▶ PROMPT:
Look below for the line with "Συνολικά, σύμφωνα με" and the line with "This Mid 1910s". Copy exactly those two lines and every line between, but not the pictures.

(DATA FOR PROCESSING)

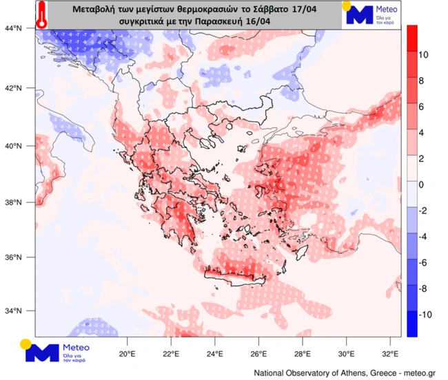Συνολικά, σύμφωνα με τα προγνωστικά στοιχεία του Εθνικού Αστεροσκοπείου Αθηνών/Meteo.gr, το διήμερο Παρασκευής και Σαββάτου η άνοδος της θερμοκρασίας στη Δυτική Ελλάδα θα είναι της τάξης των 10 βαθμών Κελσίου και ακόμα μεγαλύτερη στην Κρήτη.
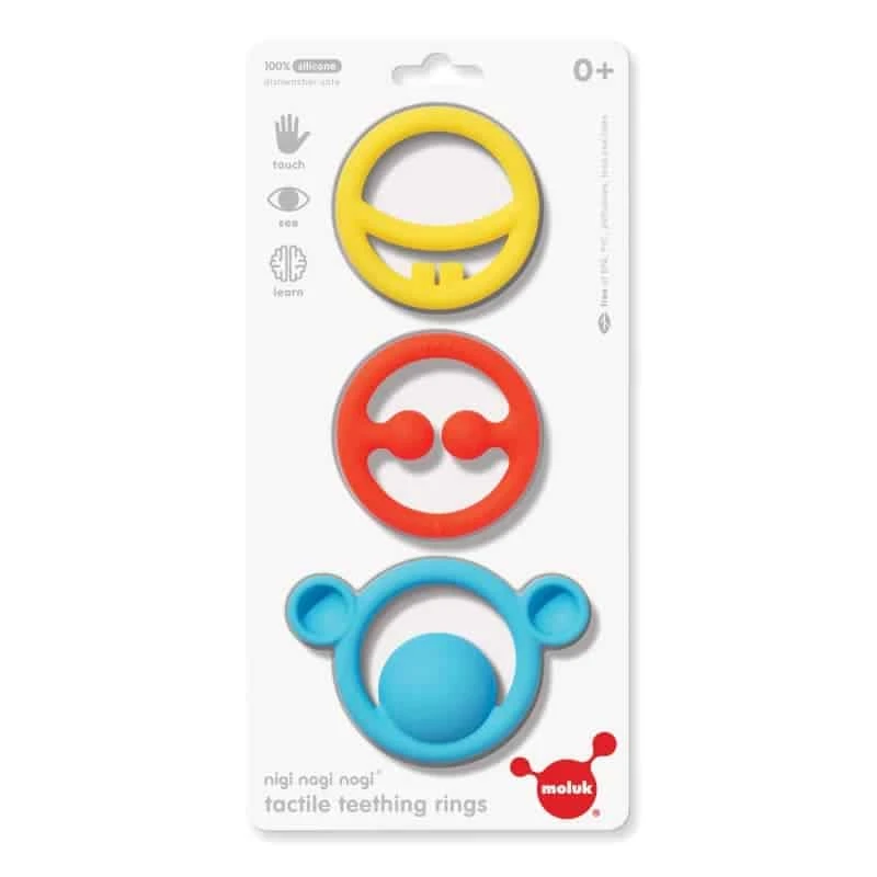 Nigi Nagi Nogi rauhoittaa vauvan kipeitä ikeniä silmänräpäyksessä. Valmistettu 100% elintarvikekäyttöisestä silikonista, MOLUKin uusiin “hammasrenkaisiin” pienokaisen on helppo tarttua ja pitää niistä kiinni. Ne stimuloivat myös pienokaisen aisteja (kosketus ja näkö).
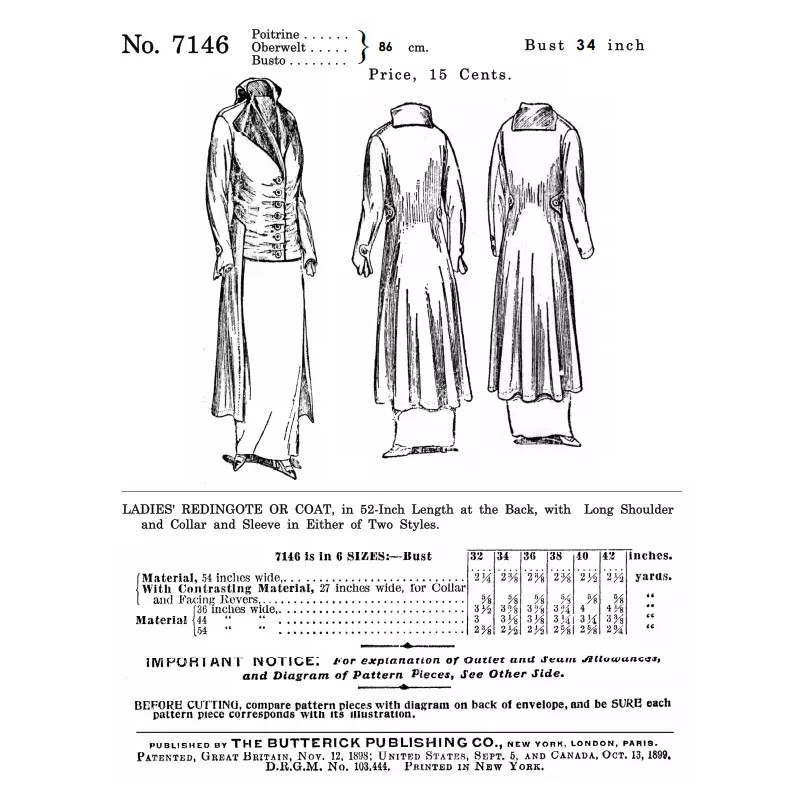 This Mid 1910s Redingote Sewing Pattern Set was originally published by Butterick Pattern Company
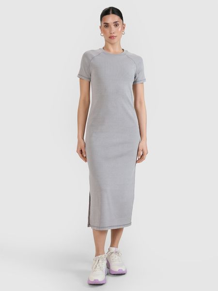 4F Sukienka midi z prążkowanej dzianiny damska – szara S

(End DATA FOR PROCESSING)
(DATA FOR PROCESSING)

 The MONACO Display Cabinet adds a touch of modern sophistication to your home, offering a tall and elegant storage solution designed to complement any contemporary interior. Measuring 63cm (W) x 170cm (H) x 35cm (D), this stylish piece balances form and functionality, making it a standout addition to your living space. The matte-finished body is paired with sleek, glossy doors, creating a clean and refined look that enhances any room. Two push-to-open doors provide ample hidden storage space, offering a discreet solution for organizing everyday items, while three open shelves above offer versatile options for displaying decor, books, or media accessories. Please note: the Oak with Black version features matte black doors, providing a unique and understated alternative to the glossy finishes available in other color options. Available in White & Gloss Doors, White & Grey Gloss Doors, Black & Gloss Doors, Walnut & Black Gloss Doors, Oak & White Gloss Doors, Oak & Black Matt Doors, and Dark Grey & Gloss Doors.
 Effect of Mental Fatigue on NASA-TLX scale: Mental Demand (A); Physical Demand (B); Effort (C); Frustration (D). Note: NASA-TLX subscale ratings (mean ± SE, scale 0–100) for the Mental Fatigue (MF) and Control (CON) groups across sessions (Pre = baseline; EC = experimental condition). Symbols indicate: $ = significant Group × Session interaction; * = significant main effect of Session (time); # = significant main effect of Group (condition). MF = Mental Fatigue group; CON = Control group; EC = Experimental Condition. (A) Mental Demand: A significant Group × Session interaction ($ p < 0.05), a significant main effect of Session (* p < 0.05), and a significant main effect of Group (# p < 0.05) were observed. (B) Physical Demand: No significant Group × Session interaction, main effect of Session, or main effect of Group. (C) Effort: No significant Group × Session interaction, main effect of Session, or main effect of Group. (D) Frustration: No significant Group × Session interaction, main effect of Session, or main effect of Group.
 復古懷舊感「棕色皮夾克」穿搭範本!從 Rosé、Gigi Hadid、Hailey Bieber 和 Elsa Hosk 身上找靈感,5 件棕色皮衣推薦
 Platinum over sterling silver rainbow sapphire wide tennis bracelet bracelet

(End DATA FOR PROCESSING)
(DATA FOR PROCESSING)

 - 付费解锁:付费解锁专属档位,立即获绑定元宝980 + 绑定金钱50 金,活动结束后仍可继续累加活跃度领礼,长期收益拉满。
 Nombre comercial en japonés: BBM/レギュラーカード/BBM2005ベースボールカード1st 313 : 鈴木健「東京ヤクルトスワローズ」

(End DATA FOR PROCESSING)

▶ EXERCISE SOLUTION:
Συνολικά, σύμφωνα με τα προγνωστικά στοιχεία του Εθνικού Αστεροσκοπείου Αθηνών/Meteo.gr, το διήμερο Παρασκευής και Σαββάτου η άνοδος της θερμοκρασίας στη Δυτική Ελλάδα θα είναι της τάξης των 10 βαθμών Κελσίου και ακόμα μεγαλύτερη στην Κρήτη.
 Nigi Nagi Nogi rauhoittaa vauvan kipeitä ikeniä silmänräpäyksessä. Valmistettu 100% elintarvikekäyttöisestä silikonista, MOLUKin uusiin “hammasrenkaisiin” pienokaisen on helppo tarttua ja pitää niistä kiinni. Ne stimuloivat myös pienokaisen aisteja (kosketus ja näkö).
 This Mid 1910s Redingote Sewing Pattern Set was originally published by Butterick Pattern Company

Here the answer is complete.